23 августа 1800 года Окерблад подал королю прошение на замещение вакантной должности агента Шведской академии словесности в Риме. Королевский музей при ней был открыт ещё в 1794 году, но большая часть предметов, купленная для него в Италии, были репликами или откровенными подделками. Однако прошение в конечном итоге так и осталось без ответа. Впоследствии учёный был заочно (на заседании 13 июля 1802 года) избран членом-корреспондентом Академии словесности. В июне 1801 года Юхан Давид Окерблад получил королевскую аудиенцию, был назначен в Париж и покинул Швецию, как оказалось, навсегда[45].

Париж — ГаагаПравить

В конце лета 1801 года 38-летний Окерблад прибыл в Париж, рассчитывая работать с коптскими рукописями и опубликовать диссертацию «О новом переводе финикийской надписи [хранящейся] в Оксфорде». Она была напечатана в государственной типографии, располагавшей восточными шрифтами, вывезенными из Рима. Сильвестр де Саси сразу же оценил значение труда своего шведского коллеги, кроме того, Давид познакомился с Милленом де Гранмезоном[en], редактором «Magasin encyclopédique[fr]», который широко пропагандировал его достижения. Как только в Париже появились слепки Розеттского камня, Окерблад заявил, что коптский язык может оказаться важнейшим средством дешифровки египетского письма[46]. Работой с текстами Розеттского камня занялся де Саси (пользуясь гравированным текстом, изданным в 1803 году), тогда как Окерблад работал над коптским курсивом. Взявшись за отождествление греческих имён в иероглифическом и демотическом тексте, швед категорически заявил, что, по крайней мере, иностранные имена в египетском письме записывались чисто фонетическим способом. Он также доказал, что коптская буква Ϥ передавала местоимение мужского рода в третьем лице единственного числа, и этот же знак использовался в демотике[47].

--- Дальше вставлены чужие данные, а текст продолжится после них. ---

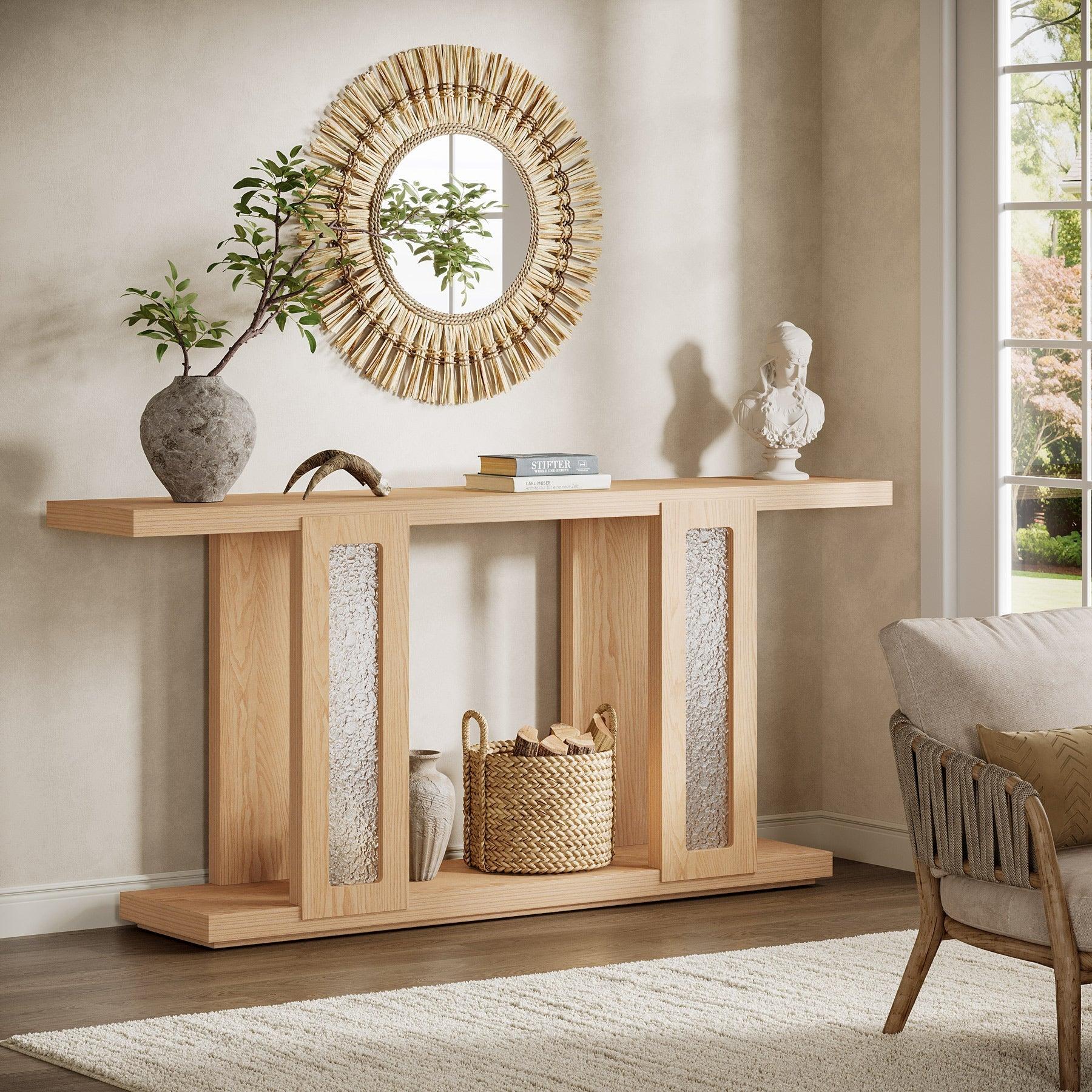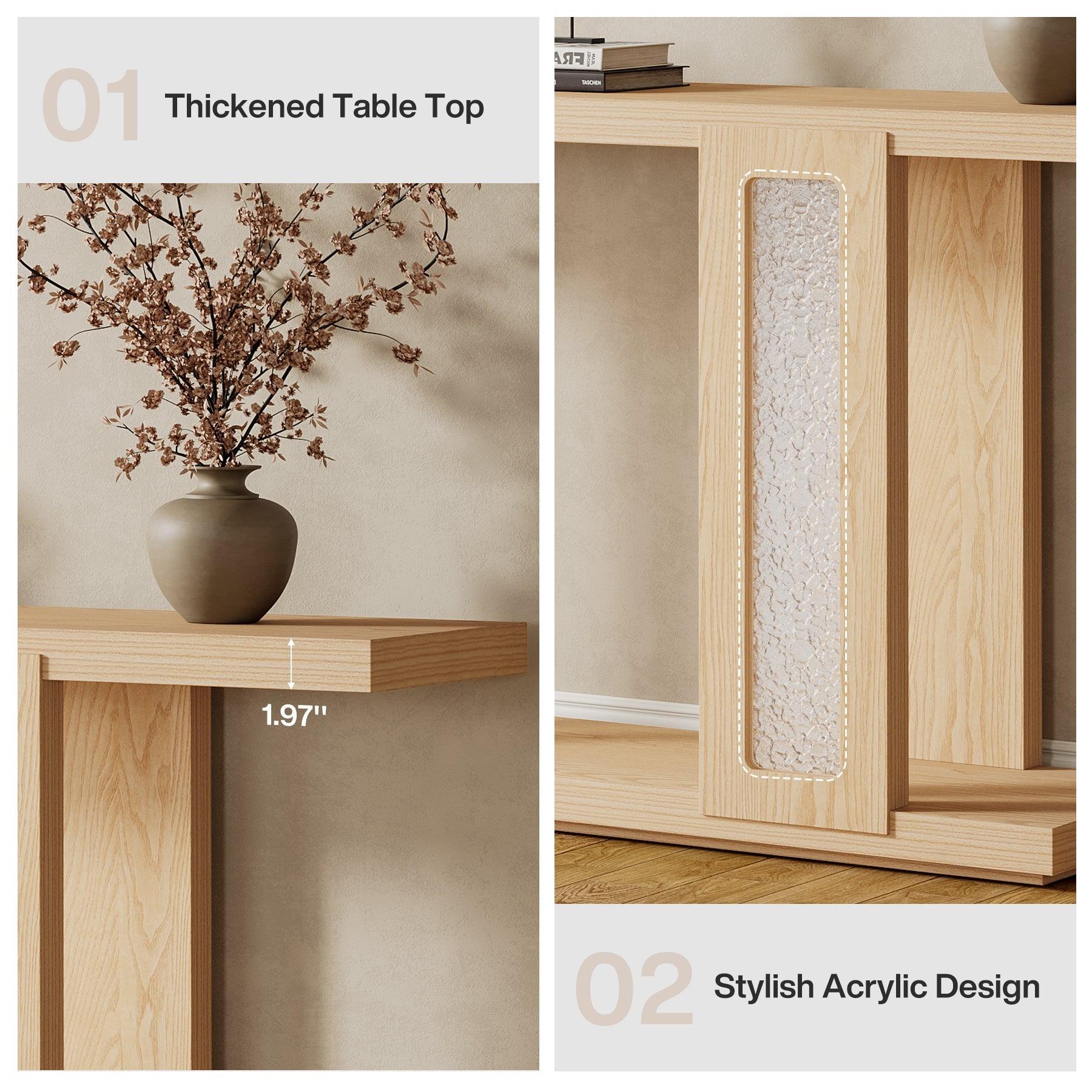 Elegant and Functional – Highlighted by its chic combination of light-toned wood and stylish acrylic legs, this console table serves as an eye-catching centerpiece. It’s an ideal complement to minimalist or boho decor, adding sophistication to entryways, living rooms, or behind your sofa.

Известность, которую Окерблад приобрёл в Париже, побудила шведского богослова Густава Кнёса[sv] ходатайствовать перед правительством в Стокгольме о финансировании его работ. В ноябре 1802 года Давид был назначен секретарём шведского представительства в Гааге, что не вызвало у учёного восторга. Его коллеги также считали, что именно отзыв в Голландию помешал Окербладу довести до конца дешифровку Розеттского камня. 15 ноября Давид Юхан прибыл к месту назначения. По-видимому, он достойно исполнял служебные обязанности и в августе — сентябре 1803 года на время отпуска начальства даже был назначен временно исполняющим обязанности поверенного. Сохранились его донесения в Стокгольм о военных передвижениях и намерениях первого консула Наполеона Бонапарта. Впрочем, немало времени посольский секретарь проводил в Лейденском университете, где копировал лучшую из известных рукописей ибн-Хаукаля, готовясь к созданию труда по географии Египта на основе коптских и арабских источников. Также он помогал лейденским учёным описать и каталогизировать самаритянские рукописи в библиотеке. Судя по переписке с Мюнтером, швед за год неплохо освоил нидерландский язык, но ругал местный климат и сетовал, что лейденские учёные полностью изолированы от коллег во Франции и Германии. Настойчивые прошения привели к тому, что в 1803 году Окерблада перевели в шведское посольство в Париж. 20 мая 1803 года он был заочно избран в Национальный институт по секции древностей, вместе с Виллуазоном и де Саси. После восстановления Академии надписей в 1816 году членство Окерблада было автоматически подтверждено[48].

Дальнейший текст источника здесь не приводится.